The input:
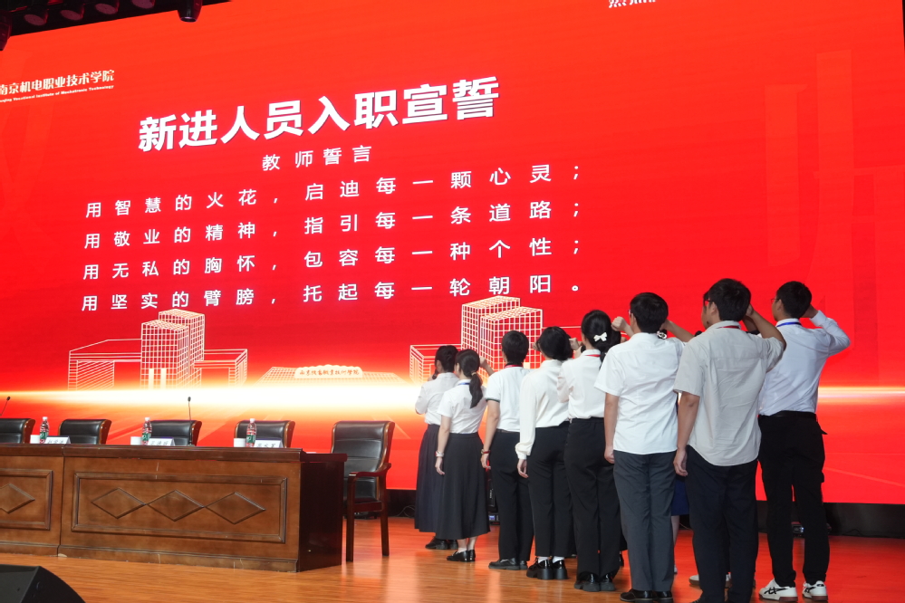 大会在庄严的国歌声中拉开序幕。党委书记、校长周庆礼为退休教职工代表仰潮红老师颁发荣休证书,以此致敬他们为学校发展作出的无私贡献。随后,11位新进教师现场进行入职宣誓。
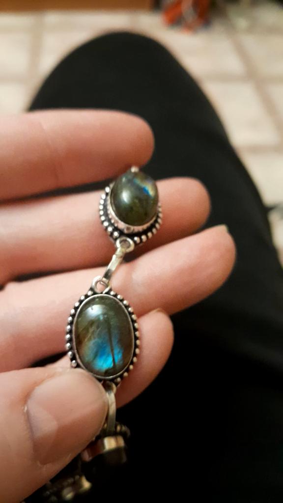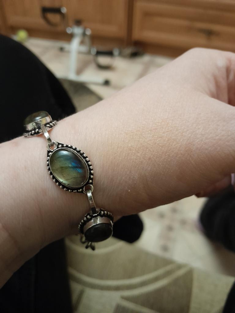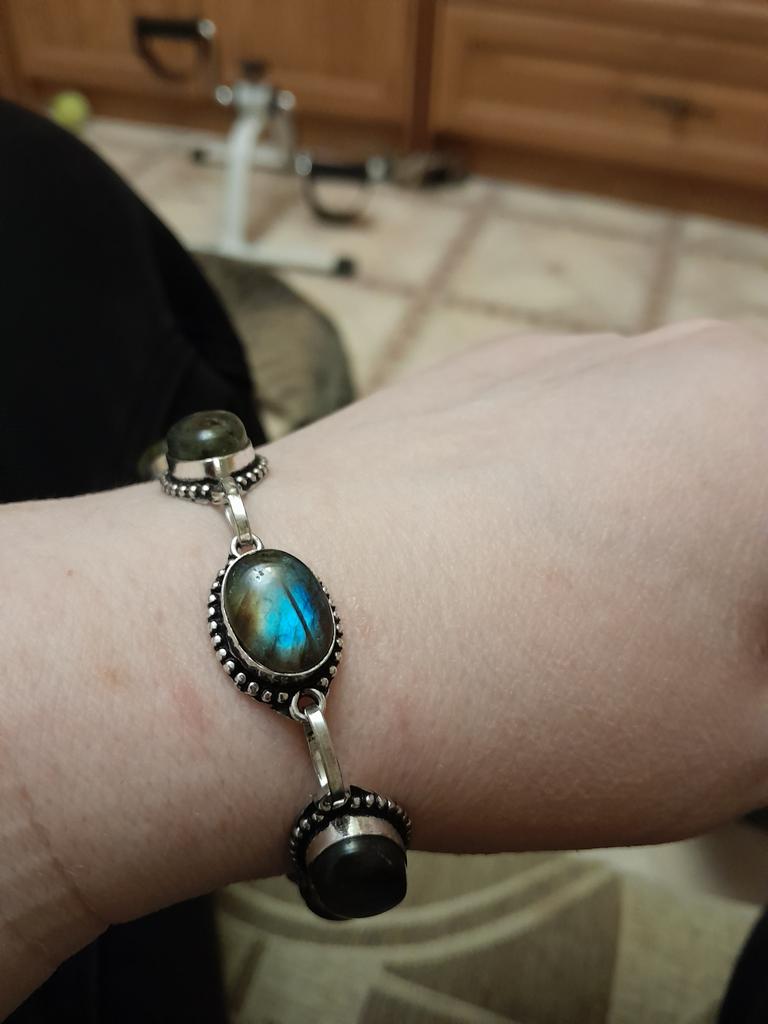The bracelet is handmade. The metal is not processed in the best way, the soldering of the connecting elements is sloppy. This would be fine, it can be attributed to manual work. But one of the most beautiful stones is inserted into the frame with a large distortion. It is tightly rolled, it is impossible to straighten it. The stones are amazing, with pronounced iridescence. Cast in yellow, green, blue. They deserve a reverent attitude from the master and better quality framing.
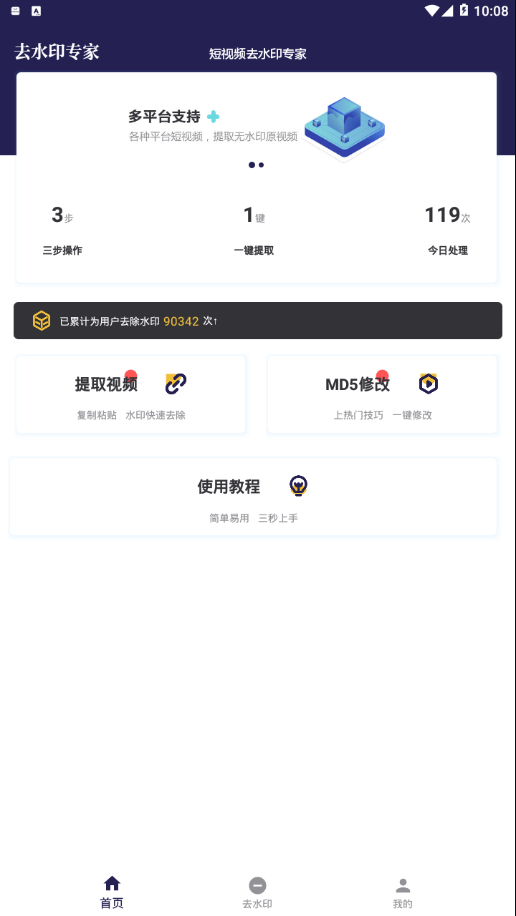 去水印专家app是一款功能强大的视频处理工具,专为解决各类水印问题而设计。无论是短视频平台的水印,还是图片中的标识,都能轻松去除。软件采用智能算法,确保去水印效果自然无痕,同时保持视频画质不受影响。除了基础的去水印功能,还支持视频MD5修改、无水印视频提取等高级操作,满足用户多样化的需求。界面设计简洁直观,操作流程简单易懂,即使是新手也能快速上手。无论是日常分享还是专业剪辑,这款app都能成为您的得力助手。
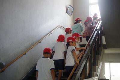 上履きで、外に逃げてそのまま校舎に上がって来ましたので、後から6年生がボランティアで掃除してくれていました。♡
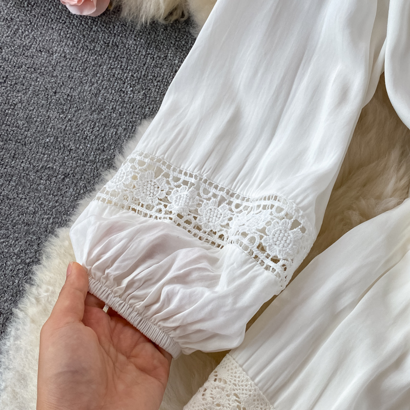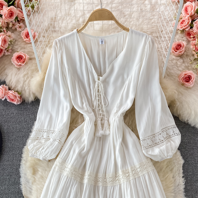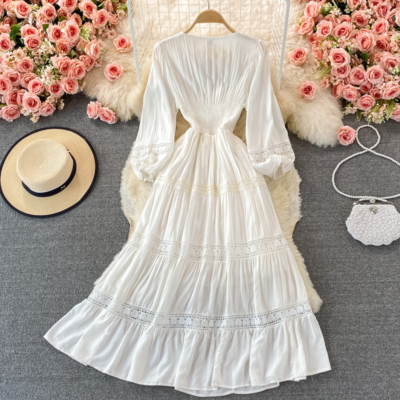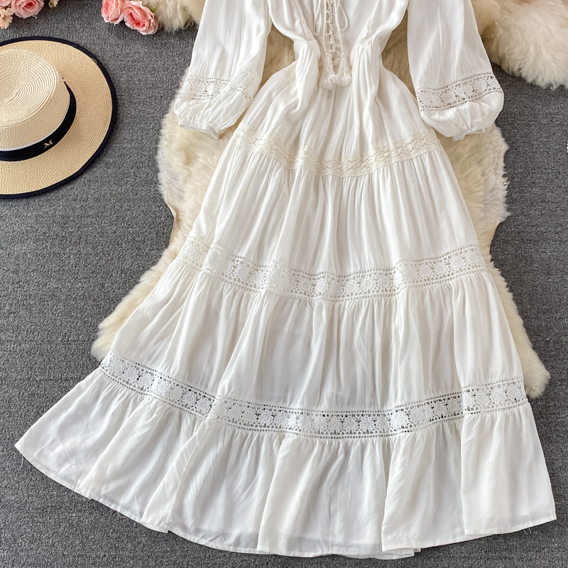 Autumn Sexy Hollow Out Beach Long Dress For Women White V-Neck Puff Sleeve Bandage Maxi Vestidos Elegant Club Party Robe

Task:
Only the lines from the line holding "上履きで、外に逃げてそのまま" through the last line above belong in the answer, repeated exactly; the pictures do not.

Response to this task:
 上履きで、外に逃げてそのまま校舎に上がって来ましたので、後から6年生がボランティアで掃除してくれていました。♡
 Autumn Sexy Hollow Out Beach Long Dress For Women White V-Neck Puff Sleeve Bandage Maxi Vestidos Elegant Club Party Robe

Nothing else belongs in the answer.